В Листрах евреев палестинского происхождения или было очень мало, или совсем не было; поэтому, апостол долго жил там в полном покое. Одно семейство в городе оказалось центром и школой величайшего благочестия. Оно состояло из бабки, по имени Лоис, матери, по имени Евники, и юноши, по имени Тимофей. Обе женщины исповедывали, вероятно, еврейство, как прозелитки. Евника, по-видимому, была замужем за язычником, ко времени прихода Павла и Варнавы умершим. Тимофей, среди этих двух женщин, рос в занятиях священным писанием и в наставлениях живейшего благочестия, но, как то часто бывало у самых благочестивых прозелитов, он не был обрезан. Павел обратил обеих женщин в христианство. Тимофей, которому тогда могло быть лет 15, был просвещен христианской верой своими бабкой и матерью.

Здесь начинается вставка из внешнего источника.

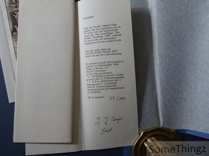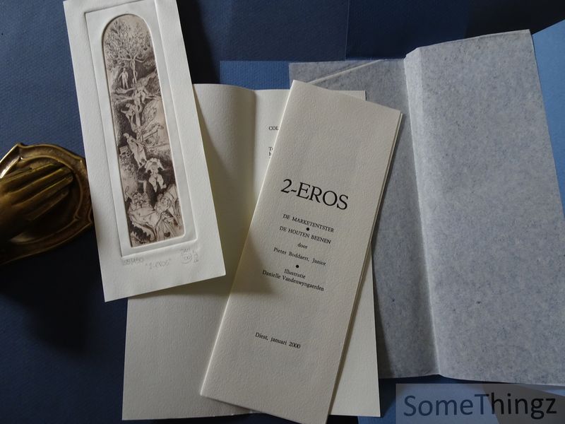 Deze bibliofiele uitgave werd door boekbinder J.J. Camps uit Diest uitgegeven op 160 exemplaar waarvan 150 met 1 originele kopergravure door D. Vandenwyngaeden. Deze publicatie verscheen werd ingezonden voor de eerste editie van de wedstrijd "KUNST-BOEK+BAND 2000". Hier werd gekozen voor een 1-katernbinding. Pieter Boddaert Jr. (1766-1805): Leven en werk. Pieter Boddaert Jr. werd in oktober 1766 geboren te Utrecht als zoon van een vooraanstaande familie. Na zijn gymnasiale opleiding schreef hij zich in aan de Universiteit van Utrecht, waar hij rechten studeerde. Zijn intellectuele vorming stond in het teken van de klassieke geleerdheid, maar al vroeg ontwikkelde hij een voorliefde voor de dichtkunst. Na zijn studie vestigde Boddaert zich als advocaat in Amsterdam, waar hij in de literaire en maatschappelijke kringen van de late achttiende eeuw actief deelnam. Hoewel Boddaert tot de gegoede burgerij behoorde, stond zijn literaire productie in schril contrast met de morele ernst die doorgaans met zijn stand werd geassocieerd. Zijn oeuvre omvat onder meer de bundel Gedichten uit de Gevangenis (1792) en de postuum verschenen Nagelatene poëtische en prozaïsche portefeuille (1805). Deze werken tonen een schrijver die zich weinig gelegen liet liggen aan conventionele zedelijkheid. Zijn poëzie werd gekenmerkt door een uitgesproken erotisch en speels karakter, dat hem in de literatuurgeschiedenis de bijnaam ?de vieze Boddaert? heeft opgeleverd. De expliciete toon en lichamelijkheid van zijn verzen sloten aan bij een traditie van libertijnse en satirische poëzie, maar overschreden in de ogen van tijdgenoten niet zelden de grenzen van het betamelijke. Boddaerts werk werd echter niet uitsluitend gewaardeerd om zijn erotische thematiek. Literatuurhistorici wijzen er ook op dat zijn gedichten een scherp gevoel voor ironie en een subtiel taalspel tentoonspreiden. Zijn libertijnse poëzie weerspiegelde bovendien een bredere maatschappelijke en culturele dynamiek van de patriottentijd en de vroege Bataafse Republiek, waarin gevestigde normen en machtsverhoudingen ter discussie werden gesteld. Het leven van Boddaert eindigde tragisch en voortijdig. Op 9 maart 1805 overleed hij te Amsterdam na een ongeval: bij een val van een grachtmuur op het bevroren water brak hij een been, waaraan hij bezweek. Zijn vroege dood versterkte de mythevorming rond zijn persoon en oeuvre. In de literaire traditie neemt Pieter Boddaert Jr. een marginale maar intrigerende positie in. Hij behoort niet tot de canon van de Nederlandse letterkunde, maar zijn werk wordt vaak genoemd als voorbeeld van de schaduwzijde van de achttiende-eeuwse poëzie: de uitbundige, zinnelijke en satirische verzen die contrasteerden met de burgerlijke moraal. Daarmee vormt Boddaert een belangrijke stem in het bredere spectrum van de Nederlandse literatuur aan het einde van de achttiende eeuw.

Слух об этих случаях обращения дошел до Иконии и Антиохии Писидийской и вновь зажег гневом живших в этих городах евреев. Они послали в Листры эмиссаров, которые вызвали возмущение. Фанатики схватили Павла, повлекли вон из города, побили камнями и бросили, считая его мертвым. Ученики поспешили ему на помощь; раны его были неопасны; он вернулся в город, вероятно, ночью, а на следующий день отправился с Варнавой в Дервию.

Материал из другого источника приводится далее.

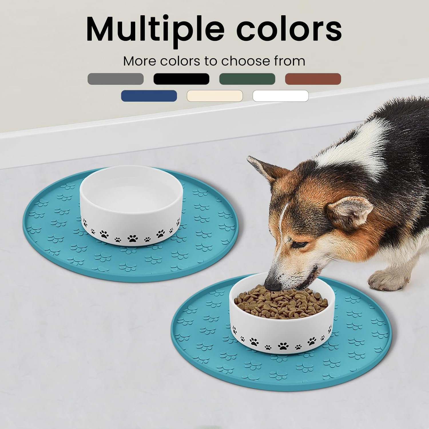 9 reviews for 2 Pack Dog Food Mat Anti-Slip Dog Bowl Mats for Food and Water, High-Lips Waterproof Dog Feeding Mat Prevent Messy Spills, Silicone Pet Placemat Puppy Trays for Small Medium Large Dogs Cats

И тут они долго пробыли и завоевали новых приверженцев. Эти церкви - в Листрах и Дервии - были первыми церквами, состоявшими исключительно из язычников. Понятно, какая разница была между подобными церквами и палестинскими, образовавшимися в лоне чистого еврейства, и даже антиохийской, развившейся на еврейских дрожжах и в обществе, уже объевреенном. Здесь приходилось иметь дело с людьми нетронутыми, с добрыми провинциалами, очень набожными, но склонностями воображения резко отличавшимися от сирийцев. До тех пор проповедь христианства давала плоды только в больших городах, с крупным населением, занимавшимся ремеслами. С этих пор появились церкви и в маленьких городках. Ни Икония, ни Листры, ни Дервия не были достаточно крупны, чтобы образовать в среде своей Церковь-мать, как Коринф или Эфес. Павел стал называть своих Ликаонских христиан именем провинции, где они жили. А провинция эта называлась Галатией, если придавать слову провинция - тот административный смысл, в котором оно употреблялось римлянами.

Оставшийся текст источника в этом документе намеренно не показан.